Task statement: Using the listing below, print the line containing "Siak Sri Indrapura", the line containing "Şardonlu Jogger Eşofman", and each line between them, exactly and nothing else. Pictures stay out of the print.
Dataset records Block Start
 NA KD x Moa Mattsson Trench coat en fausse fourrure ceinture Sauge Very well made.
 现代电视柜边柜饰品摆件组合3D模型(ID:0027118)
Dataset records Block End
Dataset records Block Start
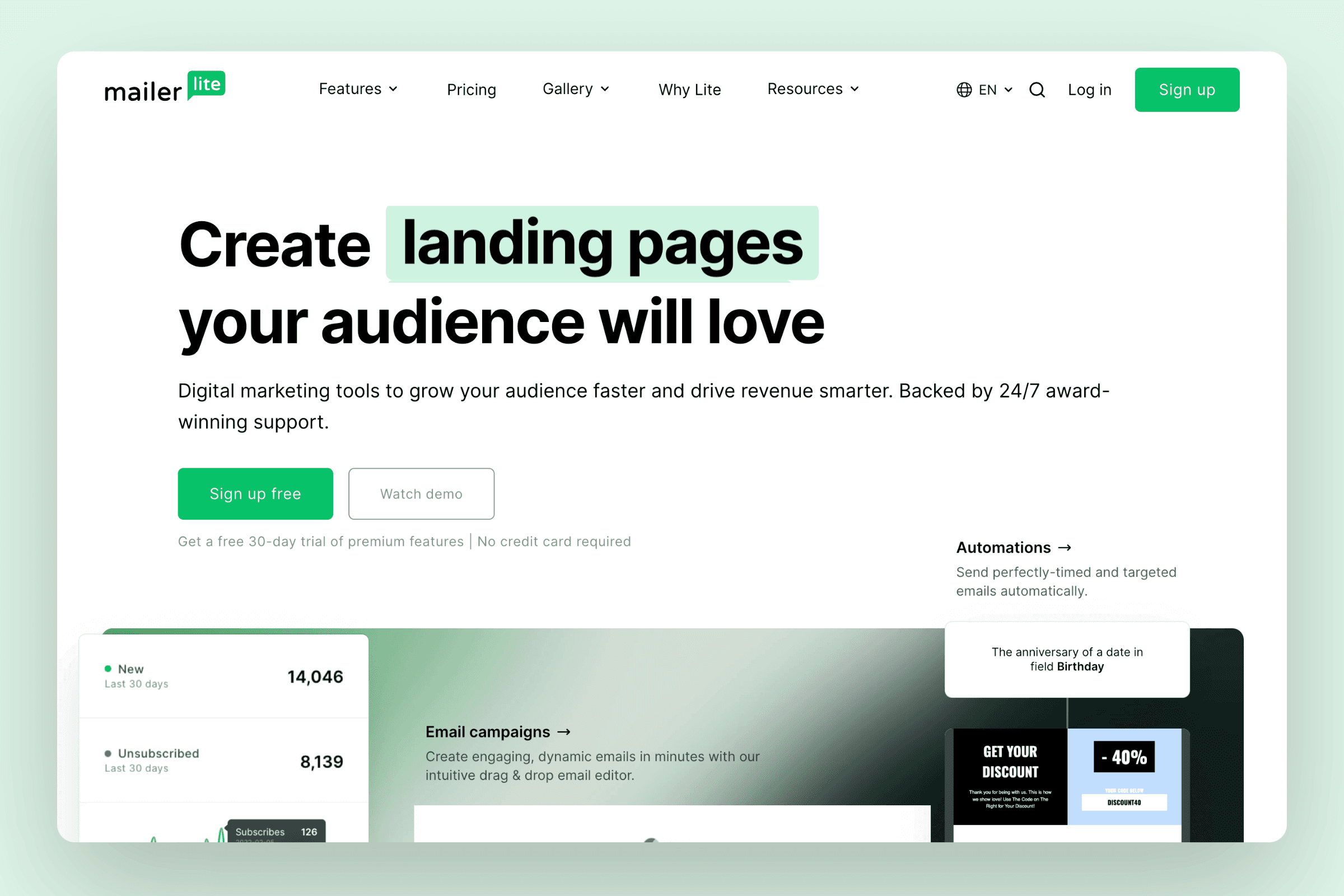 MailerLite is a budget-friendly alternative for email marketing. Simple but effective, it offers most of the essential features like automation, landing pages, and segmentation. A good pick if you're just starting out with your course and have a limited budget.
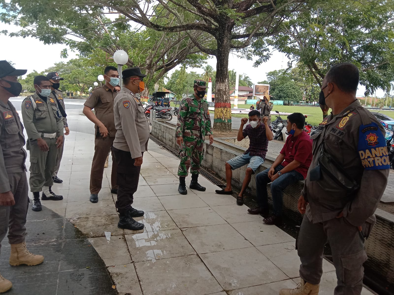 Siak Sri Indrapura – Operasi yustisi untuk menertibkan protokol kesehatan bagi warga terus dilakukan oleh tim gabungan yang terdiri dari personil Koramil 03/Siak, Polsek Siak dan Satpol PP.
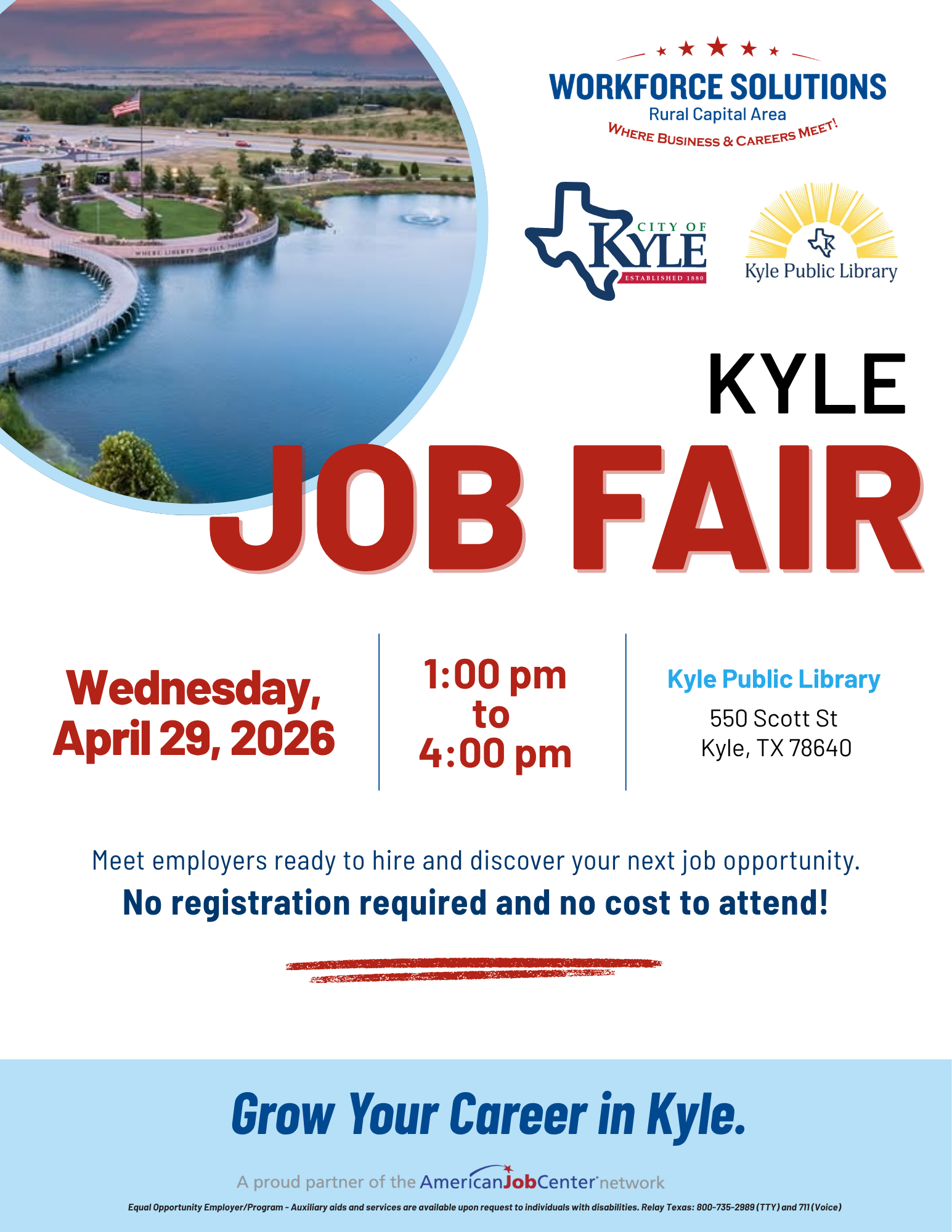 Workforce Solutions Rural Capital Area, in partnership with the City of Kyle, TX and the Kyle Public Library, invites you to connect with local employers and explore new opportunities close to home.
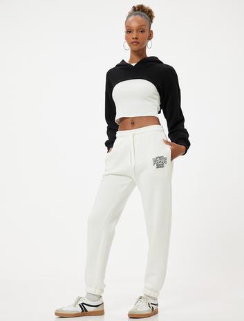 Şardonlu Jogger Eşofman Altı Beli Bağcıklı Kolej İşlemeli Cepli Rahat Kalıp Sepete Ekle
Dataset records Block End
Solution below:
 Siak Sri Indrapura – Operasi yustisi untuk menertibkan protokol kesehatan bagi warga terus dilakukan oleh tim gabungan yang terdiri dari personil Koramil 03/Siak, Polsek Siak dan Satpol PP.
 Workforce Solutions Rural Capital Area, in partnership with the City of Kyle, TX and the Kyle Public Library, invites you to connect with local employers and explore new opportunities close to home.
 Şardonlu Jogger Eşofman Altı Beli Bağcıklı Kolej İşlemeli Cepli Rahat Kalıp Sepete Ekle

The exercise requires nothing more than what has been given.